End users are realizing the benefits of having both additive and subtractive functionality in a single, self-contained system. As one of the few manufacturers that introduced a hybrid machine last September at IMTS 2016, we are among those creating this fresh path with tweaks and trends surrounding this combined technology, and the advancements continue to unfold quickly. One of the areas leading the way at this moment surrounds real-time, adaptive CAM software that is spurred by the current workpiece condition, gleaned from metrology device data.
To explain this in more practical, relatable terms, let’s consider an actual manufacturing scenario: We all know that in the aerospace jet engine turbine industry there are high-value components within the engine. Many are structural parts using very expensive, complex-featured castings and/or forgings. A new trend with our customers in that sector is using the hybrid approach and creating a much simpler casting strategy. The complex features are added—in our case via laser deposition—and then finish-machined conventionally (subtractive). You can readily recognize just a couple of the benefits so far: lower raw material costs and greater material yield for the material supplier, greater cutting tool life and less need for high-priced, highly engineered cutting tools for machining.

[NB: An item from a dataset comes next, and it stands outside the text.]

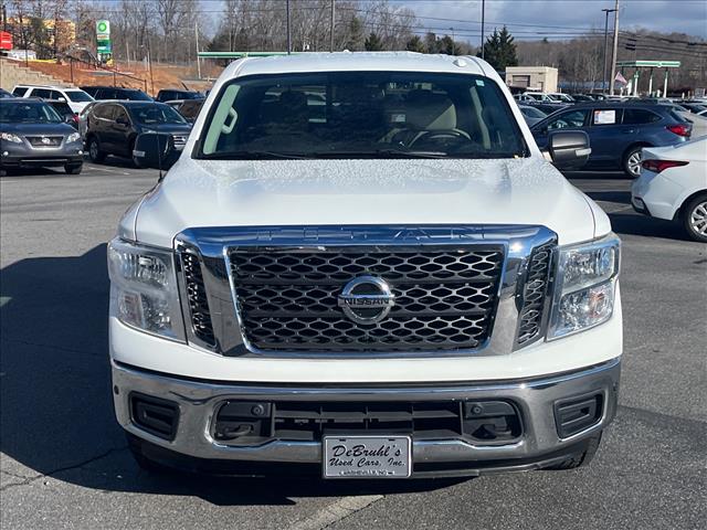 This vehicle is a 2018 Nissan Titan SV Crew Cab 4x4 with a 5.6 liter 8 cylinder engine, fuel injected and a glacier white exterior. It has driven 113,034 miles and has a beige interior with a crash test rating of 4 out of 5 stars. It also has many features such as touch screen display, Bluetooth audio connection, blind spot sensor, hill start assist, part time four wheel drive, navigation system with voice recognition, navigation with touch screen display, Bluetooth phone connectivity, and more. This car has been meticulously maintained and has a carfax report available for your review. With an impressive fuel economy of 15 mpg in the city and 21 mpg on the highway, this car is sure to save you money at the pump while still providing you with the power you need to get the job done. DeBruhls Used Car Superstore is the largest independent auto dealer in WNC! We offer a full range of financing with our guarantee credit approval, everyone is approved here.

The first operation conducted on the simplified casting/forging is scanning the current geometric condition of the workpiece. A variety of metrology devices could be used for this that can be integrated into the machine, or if it’s scanned on a station just outside of the machine’s work envelope, a structured-light scanning system or laser-scanning system might be used. The point cloud data from that scan is collected offline on a shop-hardened and extra-powerful PC stationed near the machine. That data is compared to the CAD model of the workpiece, functioning almost as a “master” gage, and any geometric variances are noted and passed on to the CAM software. The CAM software makes an adaptive shift of the toolpath to ideally position the additive structure elements on the workpiece based upon the present part condition. The CAM software adapts its program to ensure that the variances are taken into account when adding and subtracting material.

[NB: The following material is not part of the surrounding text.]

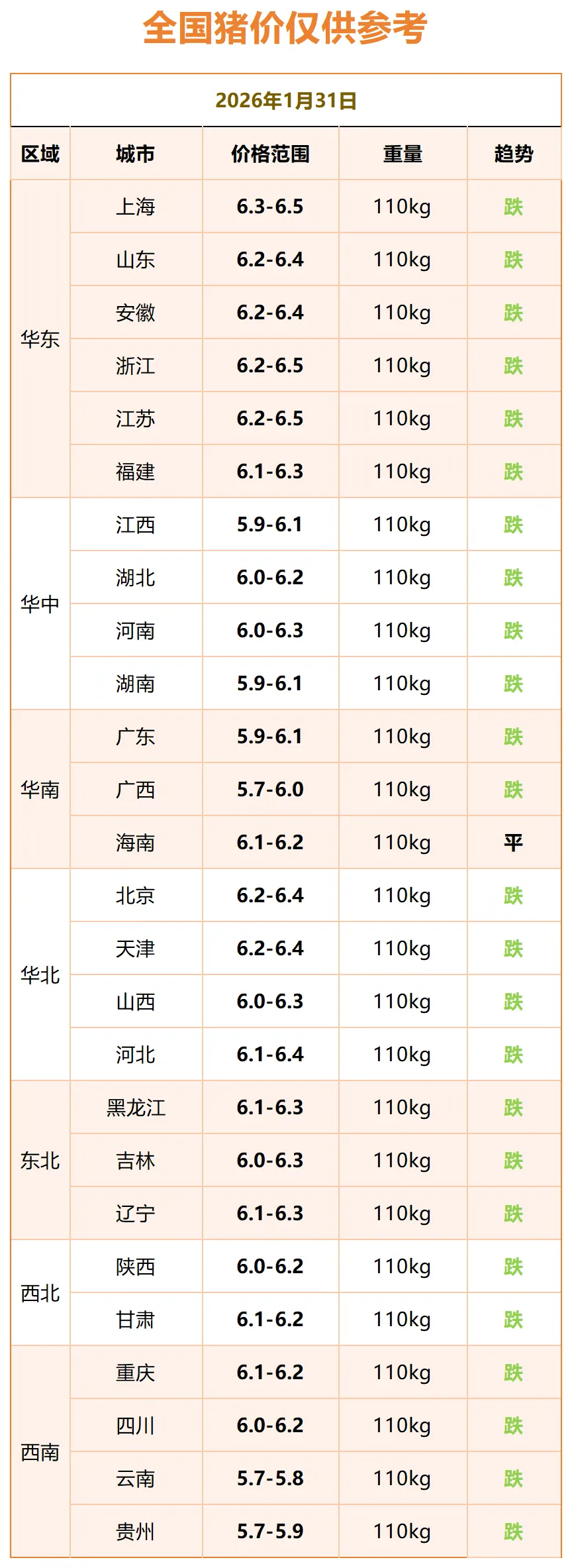 明日猪价早知道~全国地区猪价下跌,只有一个地区猪价持平! 养羊网 2026-01-30 明日猪价早知道~全国地区猪价下跌,只有一个地区猪价持平!猪价播报2026年1月31日全国猪价播报全国猪价播报~END~长按识别二维码关注我们 养羊网 2026-01-30 上一篇:【明日猪价】2026-1-31全国生猪价格 下一篇:2026.1.31,鸡蛋价格快讯 您可能还会对下面的文章感兴趣111: 相关文章 养殖骗局!谨慎投资 土鸡蛋,自己家孵的小鸡下的蛋? 山姆商品测评之105:精选鲜鸡蛋 【河南?南阳鸡蛋价格播报】2026年1月29日

Sounds so simple, doesn’t it? Obviously there is heavy-duty data manipulation going on that is mind-bending for those of us who lean more towards mechanics and kinematics than bits and bytes, but it is incredibly fascinating to me. So, in our scenario the material is deposited and then a subsequent, programmable scan occurs in the machine, likely with a scanning probe or laser light striping probe, to determine the current condition of the workpiece and its geometry. Once again the instrument data and the CAM software do their magic, and any variance information is fed back to the machine control and the subtractive machining operations ensue. This is an elementary explanation and example, but you get the idea of what’s happening and, with just a tiny spark of the imagination, where it can lead. Right now we are experimenting with a heat-treat routine in our laser head as well as an eddy or Foucault head in our system. And of course, all of the data collection aspects can connect into plant-wide systems.
This is an exciting time of discovery in our world of manufacturing technology. While the head-spinning is fun, we must remember that no matter what manufacturing method or functionality is used, the end game is to achieve the desired outcome on the workpiece. In other words—deliver the optimal results that our manufacturing customers need for that particular project, which are accurate parts made in the most efficient, economical way possible. Let’s not get so caught up in the next cool thing that we lose sight of the practicality and application of the next breakthrough. It might be cool but cooler heads prevail. What’s prevailing now in the hybrid-machining sector is the combination of metrology hardware and adaptive CAM software and its applications are very practical indeed.